Blog

February 5, 2019

USCIS published a new Final Rule on January 30, 2019, taking effect on April 1, 2019, which reverses the order of the H-1B Cap selection lottery starting this year, and institutes a pre-registration process for future years. In furtherance of Executive Order 13788 (Buy American, Hire American), the new Final Rule mandates that H-1B visas should go to the most-skilled and highest-paid workers.

Big Takeaways:

The Final Rule raises the chances of selection for US Master’s degree graduates of non-profit institutions of higher education, by reversing the order of the H-1B Cap random selection lottery. Now, the regular cap lottery goes first – the pool includes all US Master’s-Cap eligible cases along with those only eligible for the Regular Cap. Then, once all the regular cap slots have been filled, the Master’s cap lottery will be conducted. This procedural reversal reduces the chances of selection for H-1B cases for workers with graduate degrees from foreign institutions, and cases where the worker has only a Bachelor’s degree related to the job offer.

The new rule also mandates an electronic pre-registration process in future years, under which only employers who have pre-registered will be eligible to file cap-subject petitions, during a 90-day period subsequent to the electronic registration period and lottery selection. Each H-1B registration will be specific to the named employer, the job offered, the named sponsored worker, the designated worksite(s) and offered salary. The pre-registration system will not be implemented for this year’s H-1B cap filings, as USCIS does not have enough time to get the registration system up and running in time.

What else can we expect to see in this year’s H-1B adjudications?

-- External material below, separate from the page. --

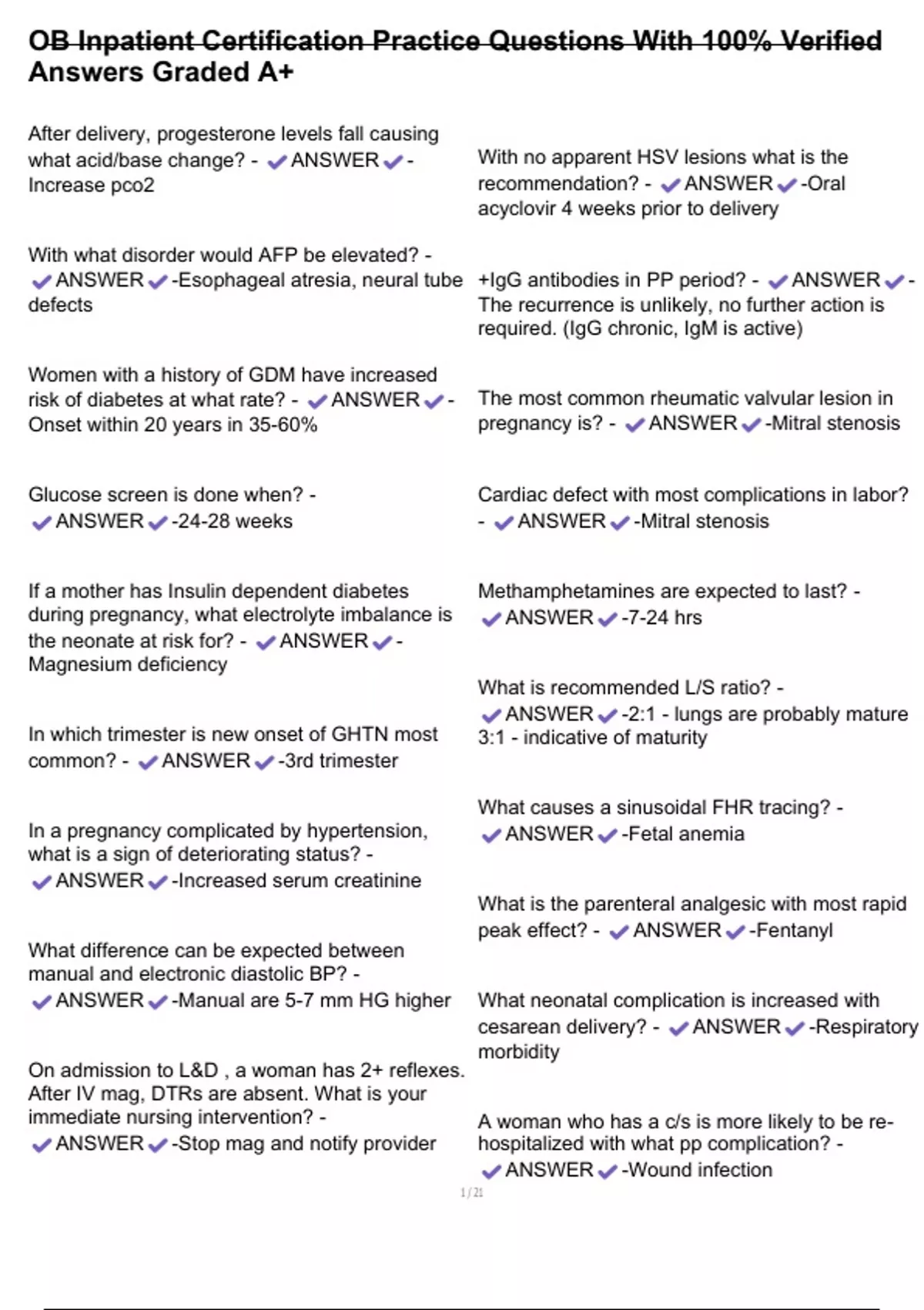 ,OB Inpatient Certification Practice Questions With 100% Verified

In addition to more advanced US degrees, the new rule also makes explicit a preference for jobs offering higher salaries. The rule does not make explicit, but tacitly suggests that officers may now have even more discretion to deny cases, both for wages deemed too low, and for jobs they claim do not meet the definition of a professional specialty occupation, particularly those that allow multiple areas of study in the degrees deemed acceptable as qualification for the job. Practitioners have already noted an uptick in Requests for Evidence and denials of non-cap and cap-exempt H1B cases involving challenges to the professional nature of the occupation, and challenges alleging a mismatch between the LCA and the petition where USCIS claims the wage offer is inappropriate to the job classification and the worker’s level of education and experience, per the USDOL National Prevailing Wage & Helpdesk Center wage level guidance and worksheets, which can be found at Appendix B & C, or pages 23-24 of the PDF guidance document. Basic tips: If the occupation normally requires a Bachelor’s and your candidate has a Master’s, add a wage level. If your candidate already has 2 years of experience in the occupation, add a wage level. If the job entails even indirect supervision of other workers, add a wage level. Expect a denial where the NPWHC worksheet does not support the wage level offered.

This rule comes in the wake of last year’s policy memorandum of February 22, 2018, PM-602-0157, mandating written end-client contracts and itineraries for any H-1B petitions involving placements at a 3rd-party worksite, and the ensuing implementation by USDOL of a revised Form ETA 9035 Labor Condition Application which now explicitly requires identifying any 3rd-party worksites.

The bottom line? In 2019, US employers and their representatives filing cap-subject H-1B petitions can look forward to adjudications challenging the wage, the professional nature of the job, the location, and underlying contracts for work offered to foreign professionals.